* [Exercise instructions] The answer should match the entries below word for word, minus their pictures.

═══ Task material

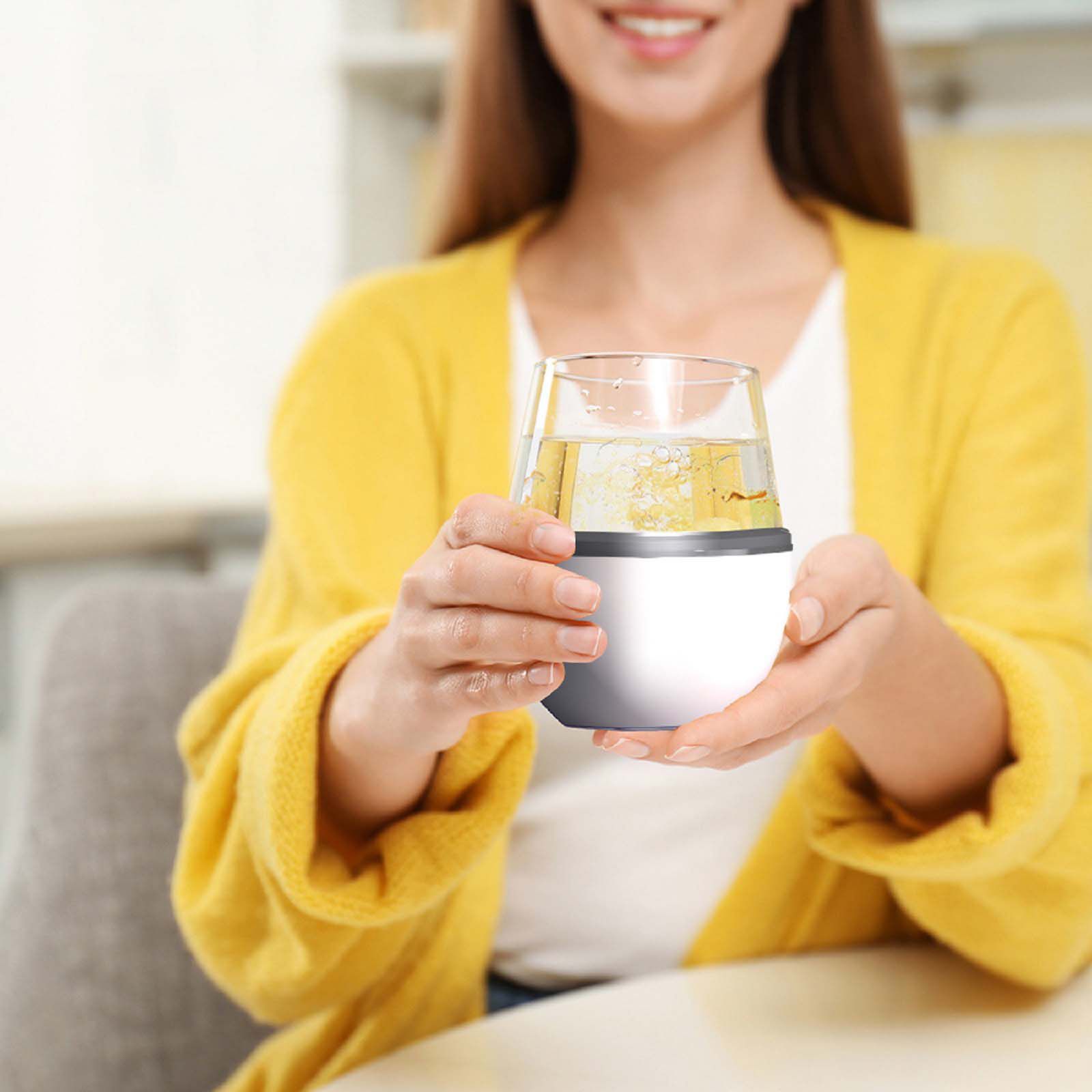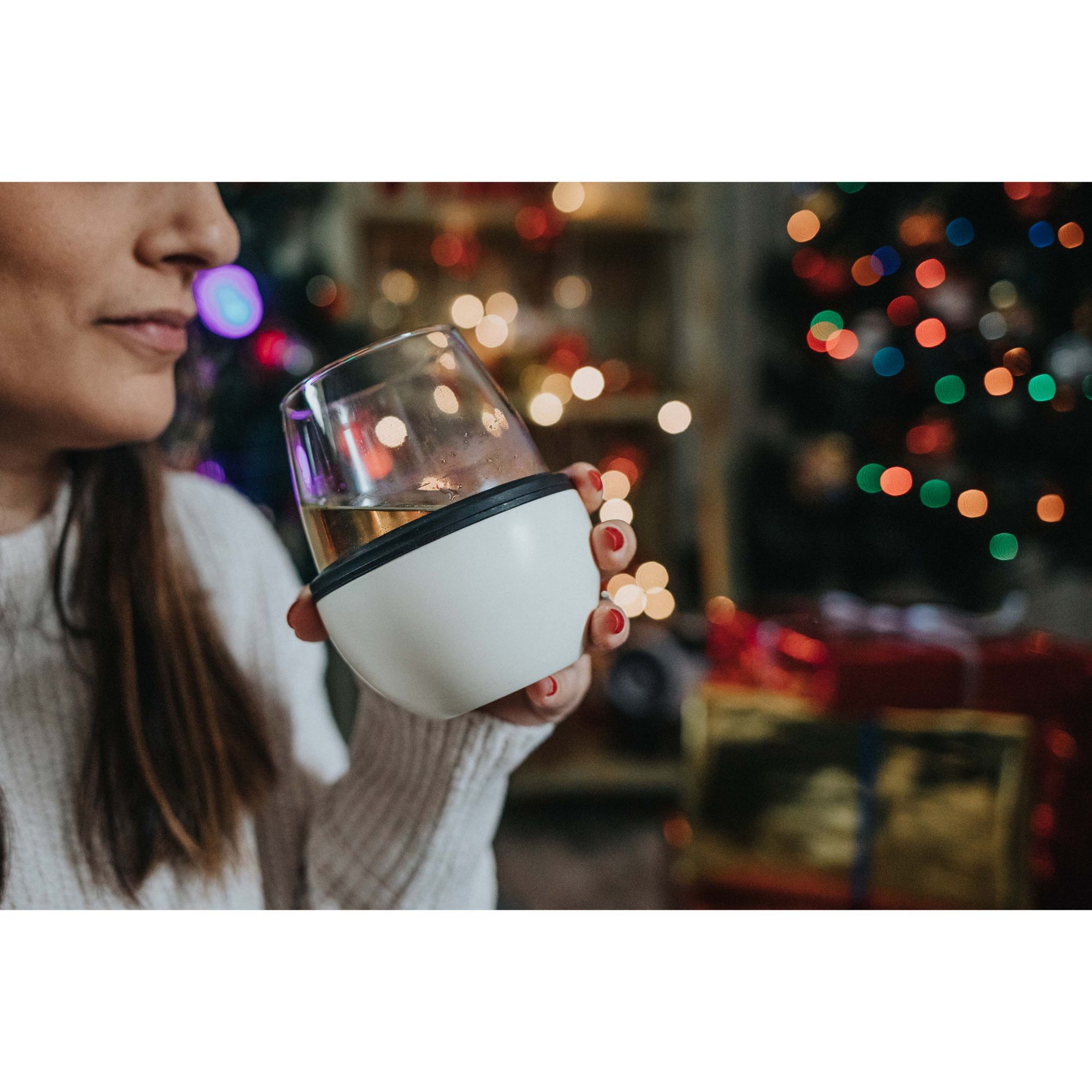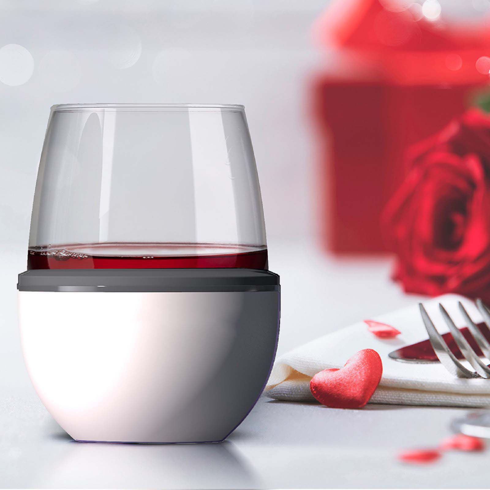 Wine glasses are glass, not metal simply because wine tastes best out of a glass. What happens when we want to drink chilled wine at a BBQ, or a pool party? Using metal, stemless cups gives the wine a metallic taste. The Asobu's 2 pk. wine glass and sleeve are lightweight, double-walled insulated, and it secures your stemless wine glass (glass is included in the package). It is created with a novel, innovative patent-pending technology that will keep your wine chilled with no sweat on the outer wall.
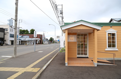 国道40号沿いに立つ「バーカリーいしだ」。やわらかなオレンジの外壁が目印(北海道名寄市西4条南2丁目10-1)
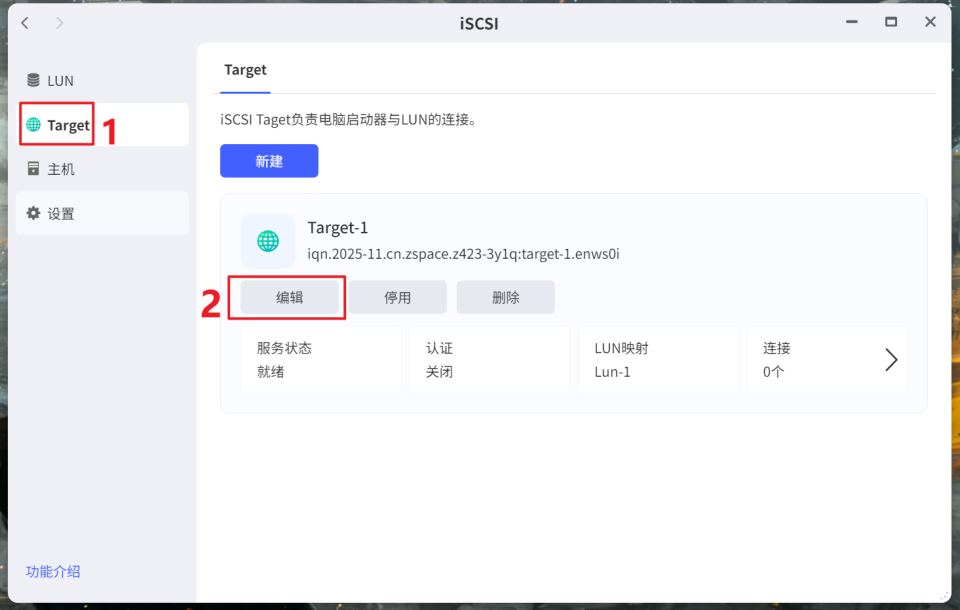 🔺LUN创建好之后,点击"Target"选项,开始"编辑"我们刚选择的Target。
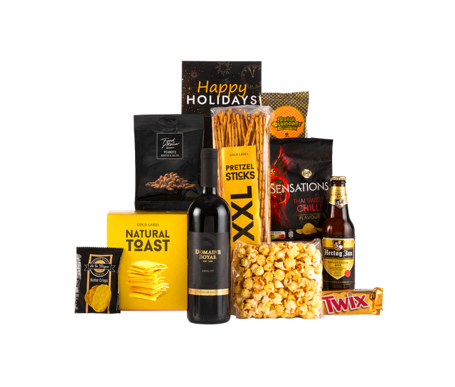 Verras iemand met het ultieme feestpakket: een sfeervol samengestelde cadeaubox vol luxe lekkernijen en een heerlijke rode wijn. Perfect als kerstgeschenk, relatiegeschenk of om een speciale gelegenheid te markeren. De stijlvolle doos straalt kwaliteit uit en is direct klaar om te geven, compleet met een warme felicitatietekst. Dit pakket combineert fijne hartige snacks, zoete verwennerijen en een verfijnde fles wijn voor een complete beleving.
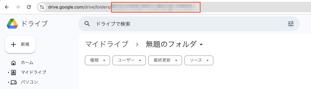 - フォルダIDを使って、Googleドライブ上の正しいフォルダを特定します。
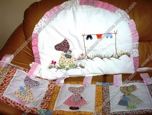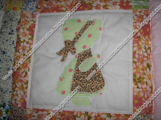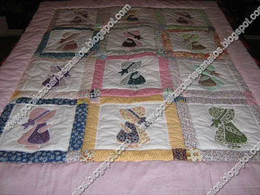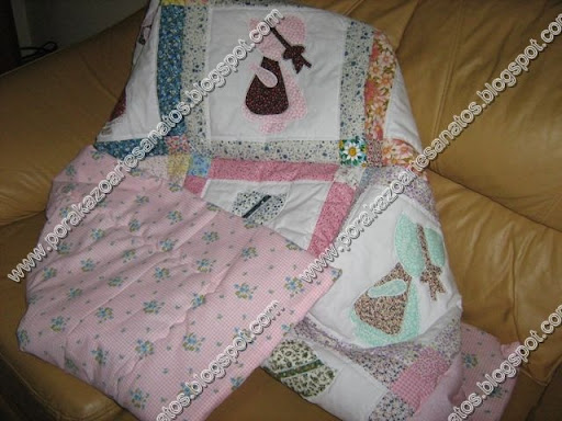 Esta é uma colcha que foi confeccionada para cama de uma noiva, na qual eu utilizei as "menininhas e menininhos escondidinhos para edredon de berço". Esse tema também faz sucesso para colchas de adultos.
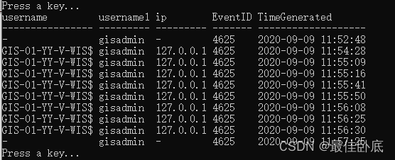 LogParser.exe -i:EVT "SELECT TimeGenerated as LoginTime,EXTRACT_TOKEN(Strings,5,'|') as username FROM c:\11.evtx where EventID=4625"3. RDP爆破使用的用户名及爆破次数

══════

* [Finished task]
 Wine glasses are glass, not metal simply because wine tastes best out of a glass. What happens when we want to drink chilled wine at a BBQ, or a pool party? Using metal, stemless cups gives the wine a metallic taste. The Asobu's 2 pk. wine glass and sleeve are lightweight, double-walled insulated, and it secures your stemless wine glass (glass is included in the package). It is created with a novel, innovative patent-pending technology that will keep your wine chilled with no sweat on the outer wall.
 国道40号沿いに立つ「バーカリーいしだ」。やわらかなオレンジの外壁が目印(北海道名寄市西4条南2丁目10-1)
 🔺LUN创建好之后,点击"Target"选项,开始"编辑"我们刚选择的Target。
 Verras iemand met het ultieme feestpakket: een sfeervol samengestelde cadeaubox vol luxe lekkernijen en een heerlijke rode wijn. Perfect als kerstgeschenk, relatiegeschenk of om een speciale gelegenheid te markeren. De stijlvolle doos straalt kwaliteit uit en is direct klaar om te geven, compleet met een warme felicitatietekst. Dit pakket combineert fijne hartige snacks, zoete verwennerijen en een verfijnde fles wijn voor een complete beleving.
 - フォルダIDを使って、Googleドライブ上の正しいフォルダを特定します。
 Esta é uma colcha que foi confeccionada para cama de uma noiva, na qual eu utilizei as "menininhas e menininhos escondidinhos para edredon de berço". Esse tema também faz sucesso para colchas de adultos.
 LogParser.exe -i:EVT "SELECT TimeGenerated as LoginTime,EXTRACT_TOKEN(Strings,5,'|') as username FROM c:\11.evtx where EventID=4625"3. RDP爆破使用的用户名及爆破次数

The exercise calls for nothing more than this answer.